In related work, the researchers are looking at what happens at the level of 5–9 base pairs during DNA hybridization. They are particularly interested in how hybridization starts from “fraying ends” of DNA. They want to understand (at the molecular level) what controls and influences hybridization rates and better understand the energetics of the process.

The group also wants to better understand (at the molecular level) the processes involved in the denaturation and reformation of cellular proteins. To do this, the researchers have recently begun in vitro studies of the action of urea, a natural denaturant of proteins. Urea can unpeel both proteins and nucleic acids. The goal is to understand the process of a protein breaking apart at the single-molecule level.

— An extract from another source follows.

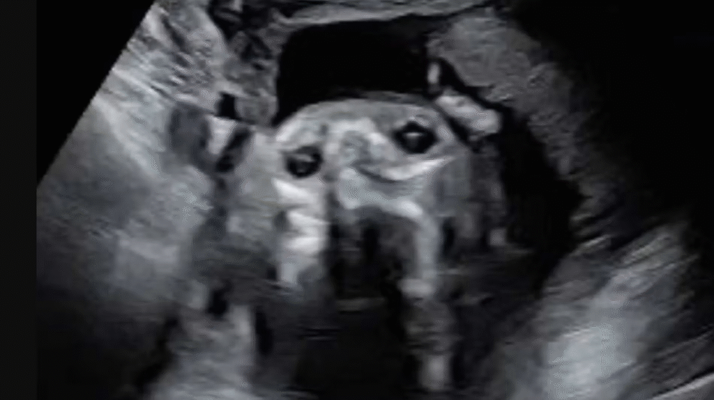 En gravid kvinde fik øjne så store som tekopper, da hun kiggede på sit scanningsbillede. For det ligner ved første øjekast, at hun er gravid med familiens elskede hund

The group has recently undertaken single-molecule studies of human telomerase, an RNA-containing enzyme. Telomerase has been implicated in both aging and cancer because it sits on DNA chromosomes and is critical to the initiation of DNA replication. In essence, telomerase creates a new landing pad for enzymes when they copy strands of DNA.

Without telomerase, cells rapidly age and die because they lose the ability to replicate DNA. For example, telomerase mutations cause diskeratosis congenita, a disease that appears in children between 5 and 15 years old and causes symptoms of premature aging, resulting in shortened life spans. Telomerase is also implicated in the proliferation of cancer cells because it is required for repeated DNA replication and cell division.

A better understanding of the biophysics of telomerase activity may lead to improved cancer therapies. To aid in this understanding, the Nesbitt group is investigating the folding kinetics of a double-looped RNA segment in telomerase known as the telomerase pseudoknot. The formation of this pseudo knot is essential for normal telomerase activity.